Medical bill errors to watch out for 

  • Incorrect dates. Make sure the day you went in for the medical visit on the EOB and statement match.  
  • Incorrect patient information. Double-check your personal information, including your name, contact information, billing address, and insurance details. 
  • Duplicate charges. Make sure you are not being billed twice for the same procedure, medication, or service. 
  • Inflated quantities. For example, a coder accidentally adds an extra 0, and you end up being charged for 100 pills instead of 10.  
  • Unbundled fees. When multiple services happen at the same time, like a physician’s exam before an endoscopy, they are bundled. Unbundled fees happen when bundled events are coded separately and not together. 
  • Incorrect codes. Coding errors happen all the time. That’s why it’s important to double-check the codes on your itemized bill. The easiest way to search for them is to use the Medicare Code Lookup tool. Enter the code on your bill into the tool and select “All Modifier.” Then, click submit for an explanation of the code. 

You found a mistake – now what?  

If you find any errors, document them.  

Ask your provider for a copy of your medical records. See Medical Records: Why They Matter and How to Request Them.   

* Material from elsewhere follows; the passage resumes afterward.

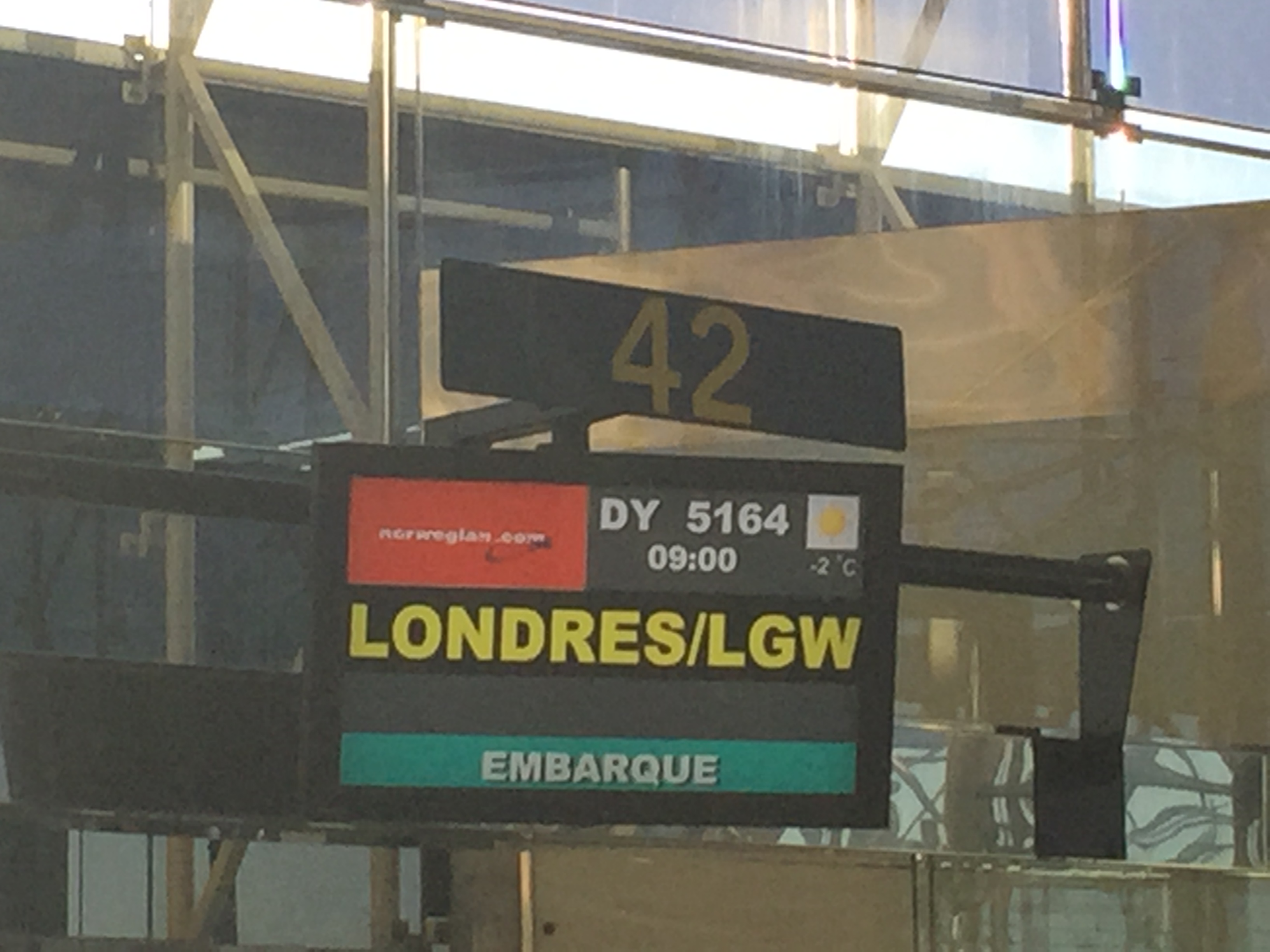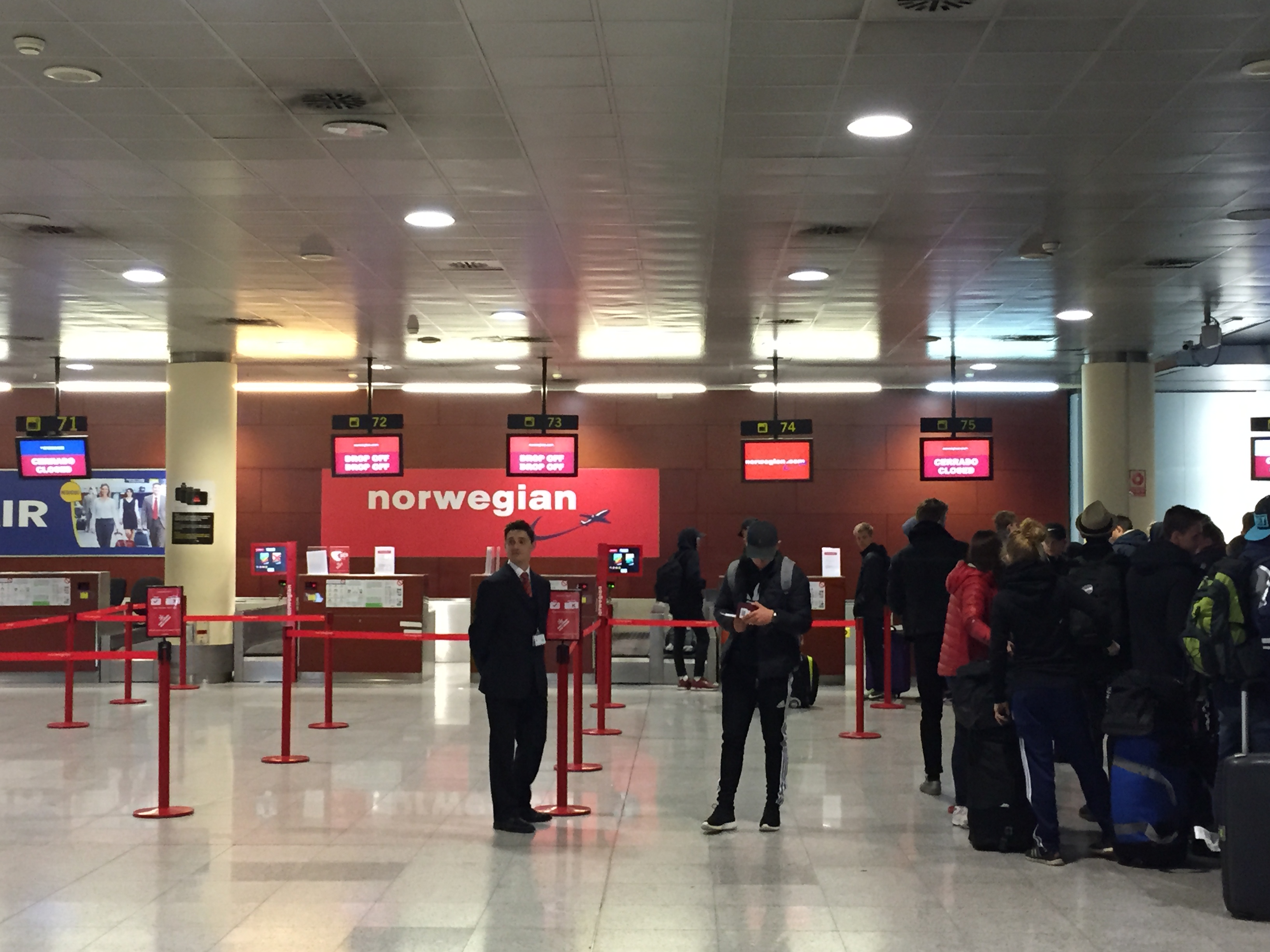 – a Norwegian utiliza os guichês 72 a 74; há 04 máquinas de check-in bem em frente e resolvi testar e a experiência foi ótima: uma vez passado no scanner o código de barras do e-mail que recebi, tudo fica fácil, a máquina imprime o cartão de embarque (o sistema “escolheu” o assento 28C – janela – para mim, pois não paguei 05 euros para pré-reservar um assento) e a etiqueta da bagagem a ser despachada; depois, há uma fila dedicada para o “drop off”: você coloca a etiqueta na mala (na verdade, pedi ajuda para um funcionário), pega um leitor de código de barras, escaneia a etiqueta, coloca a mala na esteira (que faz a pesagem e controla limite de 20kg) e pronto, a esteira liga automaticamente e mala está despachada
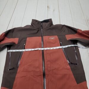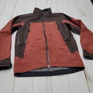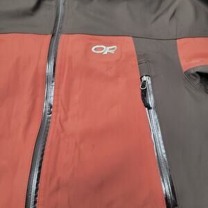 Well-designed Outdoor Research "Foray" waterproof jacket! Lots of storage pockets and under arm zippers for added breathability. Jacket is MISSING the hood and has some scattered stains but is overall in sturdy condition and the water-tight seams are well intact. Interior has attracted some hairs and lint that don't want to come up with lint rolling. Size medium

You shouldn’t get a bill for anything that isn’t documented in your records. If that happens, talk to your provider’s billing department. 

If that doesn’t work, contact your insurance company. The insurer might be able to fix billing errors directly with your provider.  

If that doesn’t work, and you’re still having a tough time, take a deep breath. You’ve got this!  

Many states have Consumer Assistance Programs (CAPs) that help patients with health insurance problems. CAPs offer direct assistance by phone, direct mail, email, or walk-in locations.  

You can also get help from a patient advocate. They know the ins and outs of the healthcare system and can advocate on your behalf. Visit the Patient Advocate Foundation or call 800-532-5274 to learn more. 

We understand it’s not always easy navigating healthcare. Fortunately, that’s what MediFind is here for, whether that’s finding a good doctor that takes your insurance, figuring out how referrals work, or discovering new ways to tackle medical debt.